GTM Product Launches
Supported product development and go-to-market execution for a fast-growing Asian food brand. Coordinated cross-functional teams, managed timelines, and helped translate business needs into clear requirements and launch-ready deliverables.
The Mission
A-Sha Foods is a premium Asian noodle brand scaling rapidly in the US market. They were growing fast but lacked the structure to keep up — launches felt improvised, handoffs got lost, and no one had a clear picture of where things stood.

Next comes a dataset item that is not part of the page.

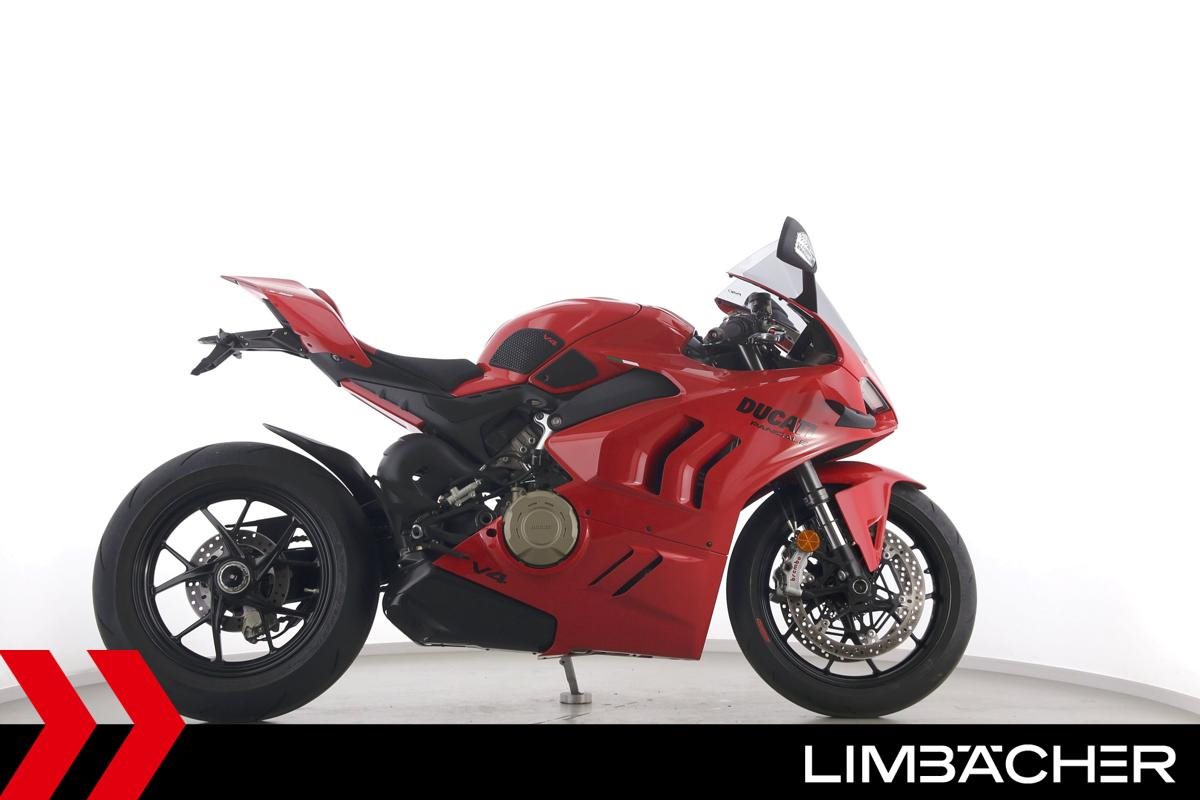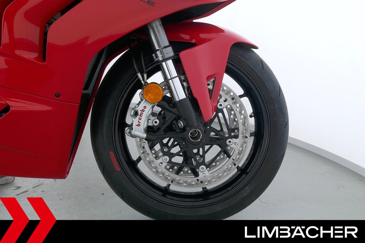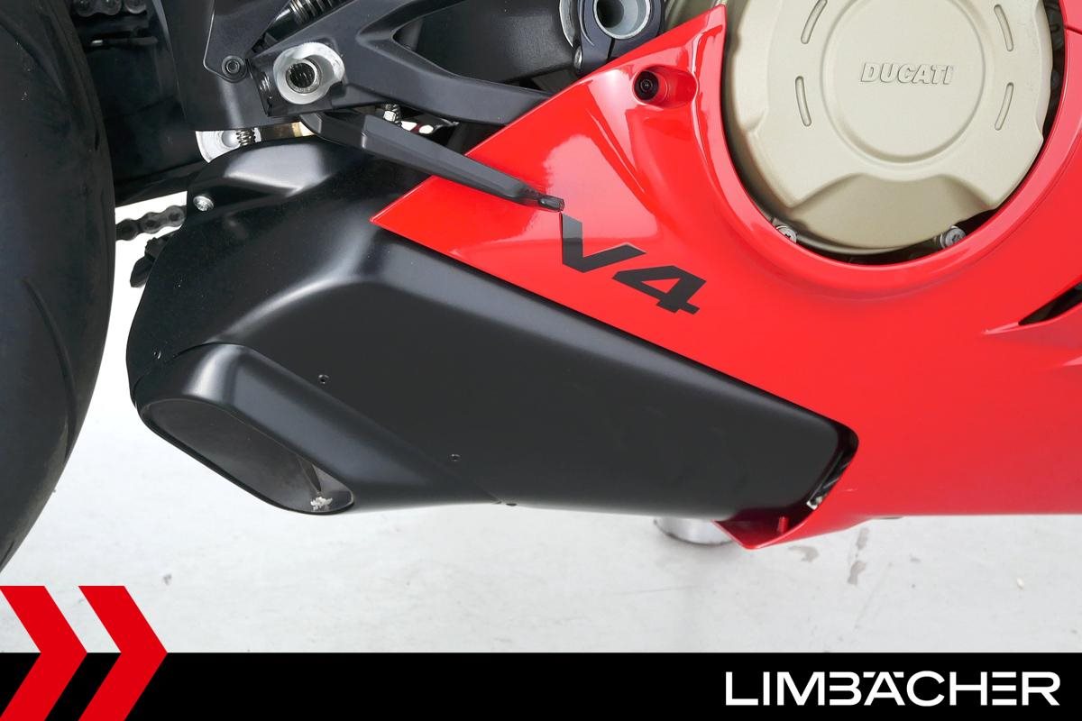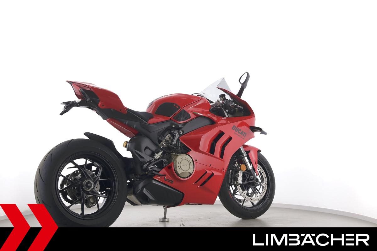 Eine Ducati Panigale V4 aus zweiter Hand in gepflegtem Zustand u.a. mit kurzem Kennzeichenhalter von Ducati Performance sowie Synto-Brems- und -Kupplungshebel.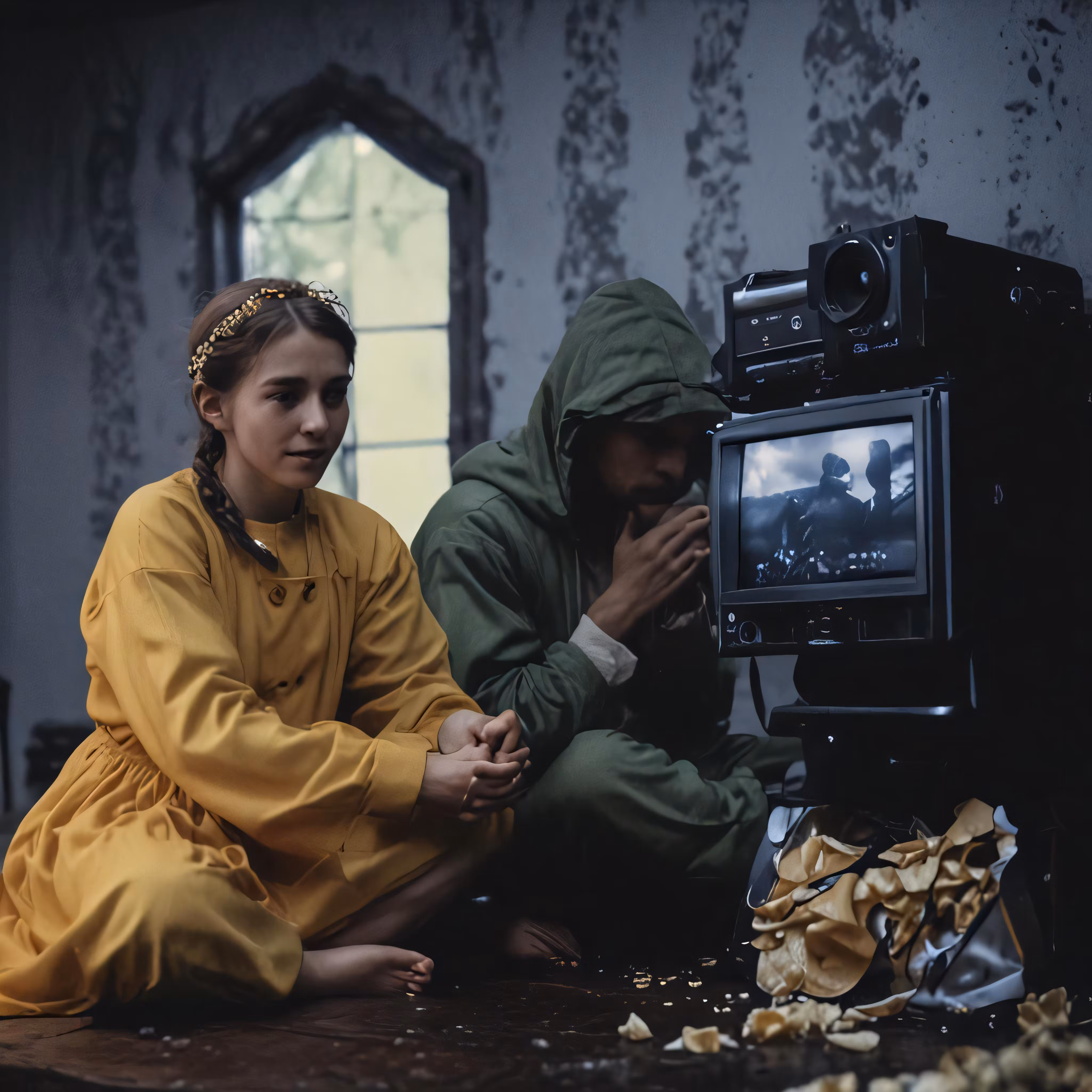 High resolution picture, free to use, a couple sits on the floor of a building while a camera operator is filming something in front of them

They needed someone to bridge the gap between product vision and execution. I stepped in to build the systems that would make launches repeatable, not just survivable.
Building from Zero
There was no playbook when I arrived. No templates, no standardized timelines, no single source of truth for launch status. So I built it — piece by piece — while simultaneously supporting active product launches.
Team Coordination
Coordinating cross-functional teams across product development, marketing, operations, and logistics
Timeline Management
Managing milestones and deliverables to keep launches on track
Spec Development
Translating business needs into clear, actionable product requirements and specs
Creative Support
Supporting packaging and creative development with product-level input and competitive benchmarks
Analytics
Building dashboards and internal reports to track performance and surface insights
GTM Alignment
Aligning pricing, packaging, and go-to-market timelines across retail and DTC channels
Documentation
Creating structured handoff materials so nothing fell through the cracks
Built the company's first structured go-to-market process from scratch — and the team kept using it after I left.
Creating Clarity
In a startup moving this fast, my biggest contribution was clarity. I focused on creating structure where there was none — requirement templates, review cadences, status dashboards — so every stakeholder knew exactly what was expected and when.
The goal wasn't to slow things down with process. It was to remove the ambiguity that was already slowing things down. When everyone can see the plan, everyone can move faster.